Actors on TV or on film are seldom filmed placing food in their mouths, then chewing and swallowing. If they are, it is often a signifier that the character is uncouth (or at best blunt and direct).

Usually the edit shows people preparing or ordering food, in front of food, holding food, talking over food, complimenting the food that they have just eaten, but not actually eating.

A typical fast food ad must try to sell food, so it follows the pattern of wacky antics and loving close-ups of the product, followed by the character moving in for a big happy bite. And as his mouth closes on the burger (no actual teeth or biting shown), or just after she discreetly pops the chocolate into her mouth, we cut to the logo before we have to deal with all the chewing and swallowing.

We, as human social animals, have an instinctual desire to eat with friends and family, but we also have an slight innate revulsion to other people eating in public. So we tend not to eat front of strangers or people who are not themselves eating. As Ikura notes, sharing food is a social bond.

Aside from that, the process of multiple takes means that the actors can't take a bite each time the scene is shot.

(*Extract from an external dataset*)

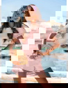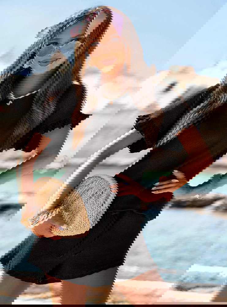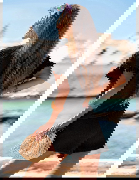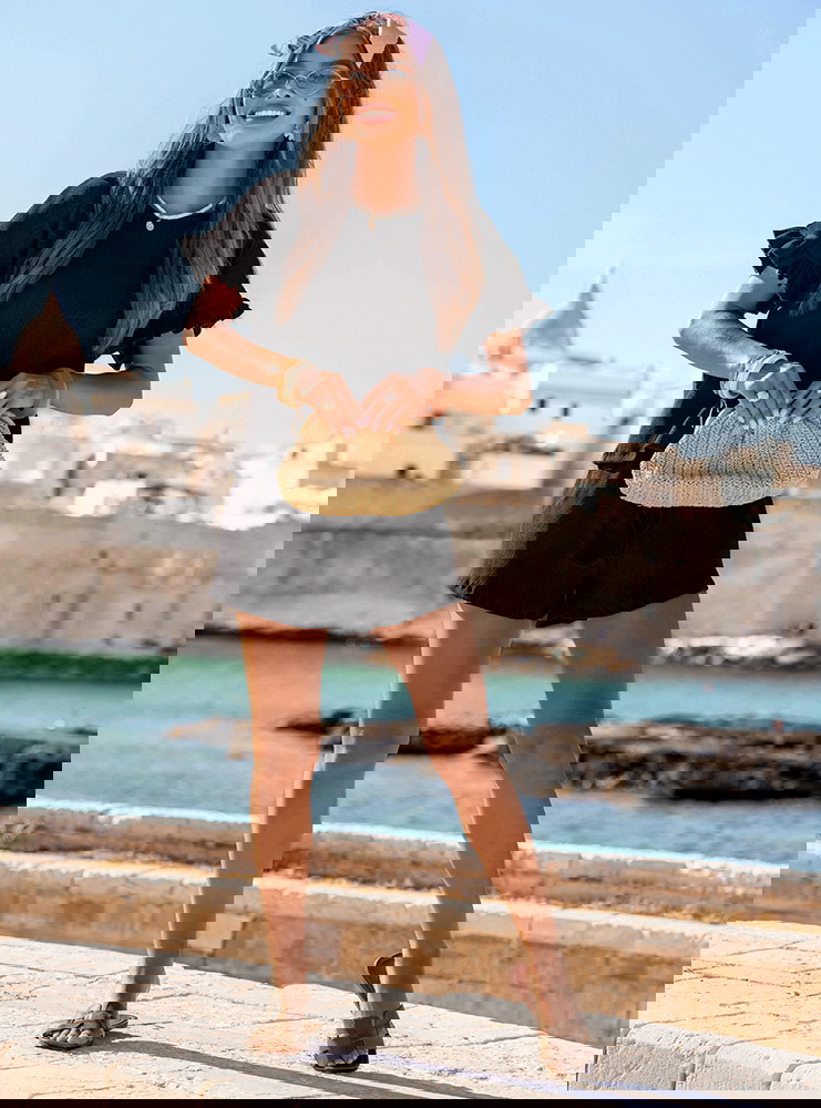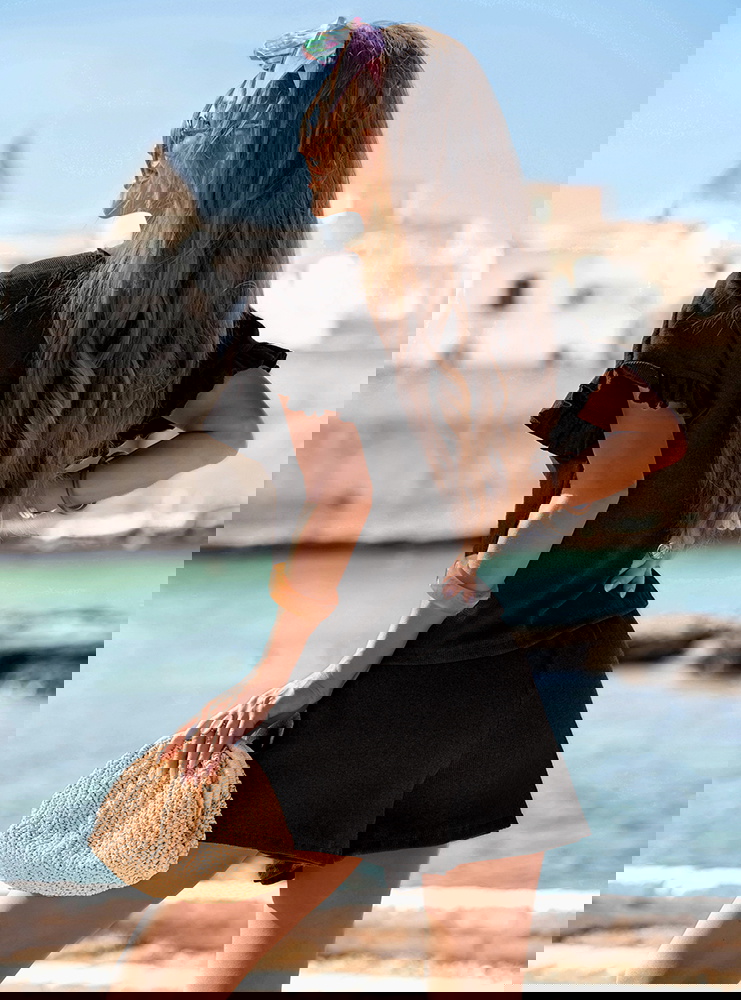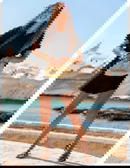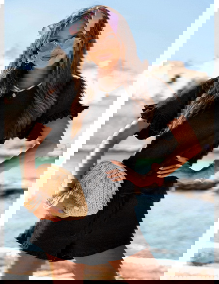 Czarny prążkowany komplet bluzka falbowana i szorty Tillia to połączenie wygody i kobiecego wdzięku w najbardziej wakacyjnym wydaniu. Luźna bluzka i lekkie szorty tworzą stylizację, która sprawdza się w każdej letniej sytuacji. Falbanki dodają całości romantycznego charakteru, a pastelowy kolor ożywia i rozświetla look. Doskonale wpisuje się w klimat kolekcji La Dolce Vita – pełnej światła, swobody i radości z chwili. Ten komplet pozwala czuć się swobodnie, ale i wyjątkowo. Właśnie tak powinna wyglądać moda na lato – lekka, niewymuszona, stylowa.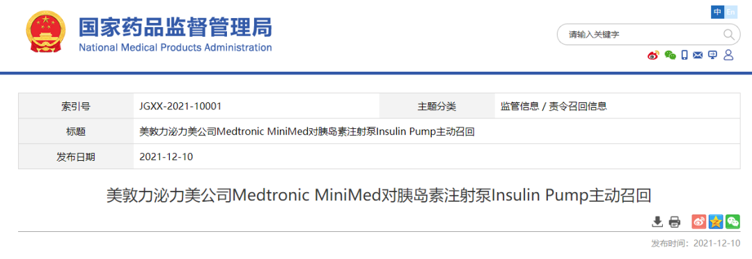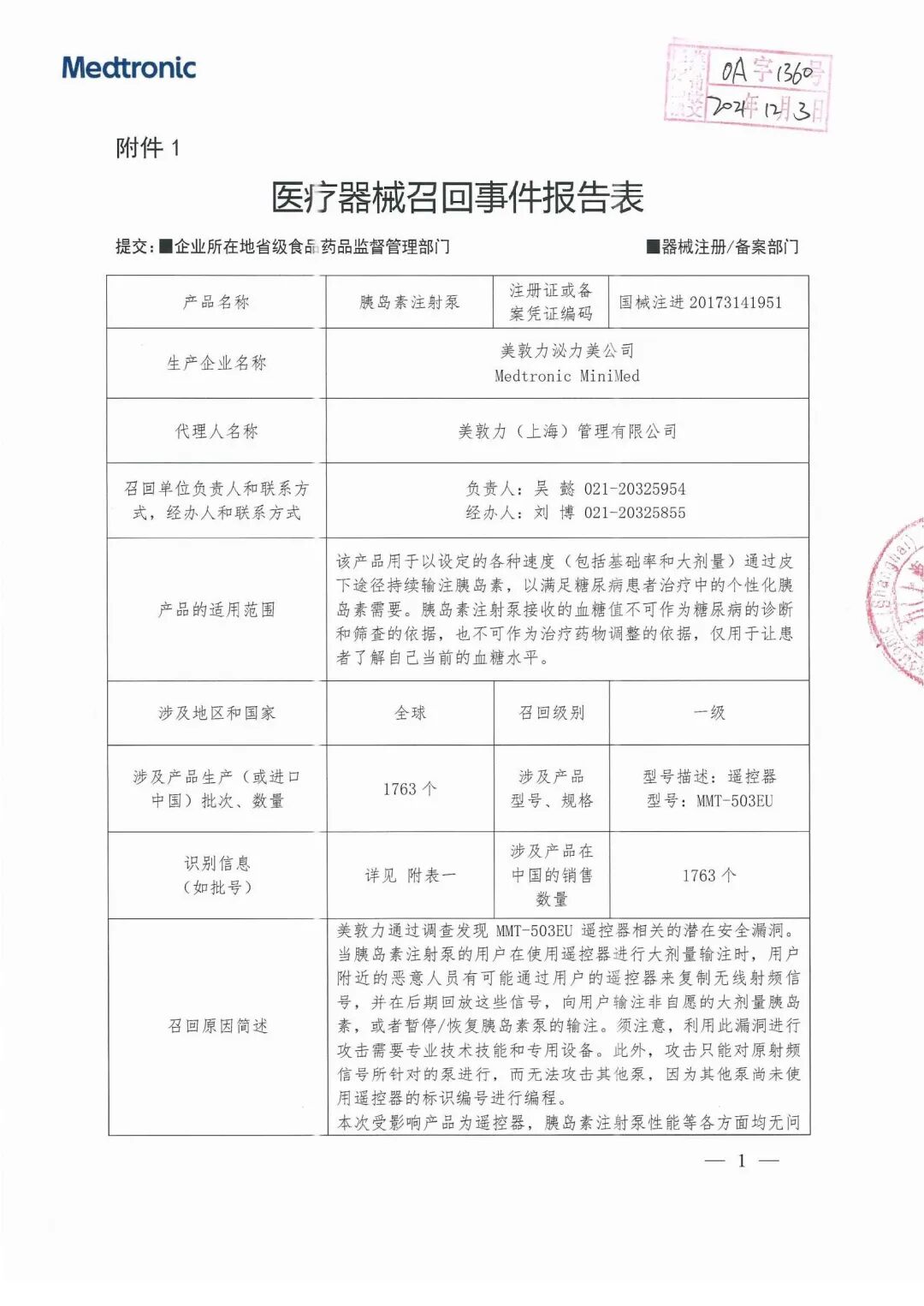 美敦力(上海)管理有限公司报告,由于涉及特定型号、特定批次产品,MMT-503EU遥控器存在潜在安全漏洞的问题。生产商美敦力泌力美公司Medtronic MiniMed对胰岛素注射泵Insulin Pump(注册证号:国械注进20173141951)主动召回。召回级别为一级。涉及产品的型号、规格及批次等详细信息见《医疗器械召回事件报告表》。

Most British TV ads can be divided into one of two equally sized groups: ads for fast food and sweets; and ads for beauty products to repair the damage done by the fast food. Of course, you could shun both and still come out even, but then you wouldn't be a good consumer.

One word: business.

And, of course, a few hundred more in explanation. Picture, if you will, in your mind's eye, a man standing in the street, or listening to the boss, or having a conversation in his parlor. For the most part, he's probably standing still. Yet his subtle body language- eye movements, facial tics, small shifts of weight, tells us that he's actually active, aware of and involved in the world around him.

Now, picture another man on stage or on film, acting out those same tasks. He's probably at least several feet from the camera or audience, in unnatural makeup and lighting, potentially wearing a difficult costume, trying all the while (perhaps unsuccessfully) to not only pretend to be a different man, but to, as that man, perform a specific course of action and speech, with little room for deviation. Chances are, you can't pick up on (or he isn't even expressing) all those subtle hints to the extent you could with the first man. If he's standing still, he looks dull, zombielike, removed from the situation.

For this reason, actors, directors, and writers often try to give the characters something minor to do with themselves when they're not engaged in any other sort of action, something to signify that yes, they are real living people. This is called "business". But what can you use as business? You could have the actors carry or hold objects, but that might seem odd and would need to be worked into the story. You could establish some physical habit or behaviors for the characters - flipping a coin, adjusting their glasses, or looking around, but you run the risk of making them seem nervous, crazy, or just plain unnatural. What you really need is to find some minor physical activity which doesn't interfere too much with the actor's job of speaking, acting, and progressing the story, yet which appears to the audience as a perfectly unremarkable thing for a normal person to do.

You need something like smoking - a common habit, mostly unobtrusive and believable, which ties up the actor's hands for a while, coming complete with a set of widely-recognized (and sexy) ritualistic movements and behaviors. I know that all the anti-smoking activists would like you to believe differently but the prevalence of cigarettes in movies isn't just some evil tobacco company plot.

But anyway, this node's not about smoking, it's about eating. And with good reason. Smoking may be common, but it's not completely innocuous. Smoking carries overtones and implications that you may not want associated with the character, especially if you have him or her smoking every time there's a lull in the action. So what else can we use? Of course, eating! Everyone eats, and there are few situations in which it would seem outright strange to have food available. The actual consumption of food may interfere with dialogue or acting, but as StrawberryFrog notes, it's easy to gloss over that part altogether. Eating is one of the few behaviors imbued with more meaning and ritual than smoking (and potentially sexier ones at that), and social conditioning has brought us to associate them with increased sociability, conversation, and drama. People talking over dinner or while sharing a street vendor's fare seems natural, and in a dramatic work in which multiple days or even years are covered in the space of a few hours, it is completely believable that a significant proportion of the interaction between characters, and thus the scenes portrayed, takes place while eating.